通过这种方式,您可以更改from and to以获得不同的日志条目集。正则表达式不是进行数字计算/比较的好工具。
回答by anubhava
You can use this regex in egrep:
您可以在egrep以下位置使用此正则表达式:
#! /usr/bin/perl
use warnings;
use strict;
use Time::Piece;
use autodie;
my $arg=shift;
my @a =split("_",$arg);
my $fn=shift @a;
my $dfmt='%Y/%d/%m';
my $fmt=$dfmt.' %H:%M:%S';
my $t = localtime;
my $date=$t->strftime($dfmt);
my $t1; my $t2;
if (@a == 1) {
my $d=$date.' '.$a[0];
my $tt=Time::Piece->strptime($d, $fmt);
$t1=$tt-15;
$t2=$tt+15;
} elsif (@a == 2) {
$t1=Time::Piece->strptime($date.' '.$a[0], $fmt);
$t2=Time::Piece->strptime($date.' '.$a[1], $fmt);
} else {
die "Unexpected input argument!";
}
$fn=$fn.'_logs.txt';
doGrep($fn,$t1,$t2,$fmt);
sub doGrep {
my ($fn,$t1,$t2,$fmt) = @_;
open (my $fh, "<", $fn);
while (my $line=<$fh>) {
my ($d1,$d2) = $line=~/\S+\s+(\S+)\s+(\d\d:\d\d:\d\d)/;
my $d=$d1.' '.$d2;
my $t=Time::Piece->strptime($d, $fmt);
print $line if ($t>$t1 && $t<$t2);
}
close ($fh);
}
回答by Stefan Schmiedl
You are using the wrong tool for this task. Once you have a regular expression like the one given by @anubhava, you can easily find a time interval that is not matched by it. grepand regexps might work for a few special cases, but they do not scale to the general case.
您为此任务使用了错误的工具。一旦你有一个像@anubhava 给出的正则表达式,你可以很容易地找到一个不匹配的时间间隔。grep和正则表达式可能适用于一些特殊情况,但它们不能扩展到一般情况。
Can you use some tool that can actually "understand" the timestamps? Probably every scripting language out there (perl, python, ruby, lua) has builtin or library support for parsing time and date.
你能使用一些可以真正“理解”时间戳的工具吗?可能所有的脚本语言(perl、python、ruby、lua)都有用于解析时间和日期的内置或库支持。

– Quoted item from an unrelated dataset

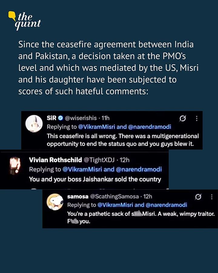 Some of the abusive comments directed at Vikram Misri labelled him a "traitor" and "gaddar," accusing him of "selling the country." The online attacks included strong language and personal insults, with many criticising him for the ceasefire agreement that India did with Pakistan.

However, you might be able to employ the powers of GNU date:
但是,您也许可以使用 GNU date 的功能:
##代码##and plug that into Tiago's sed filter idea.
并将其插入 Tiago 的 sed 过滤器想法中。
回答by H?kon H?gland
You can try the following perl script:
您可以尝试以下 perl 脚本:
##代码##Run it from command line using syntax : ./p.pl A_22:09:14.
使用语法从命令行运行它:./p.pl A_22:09:14。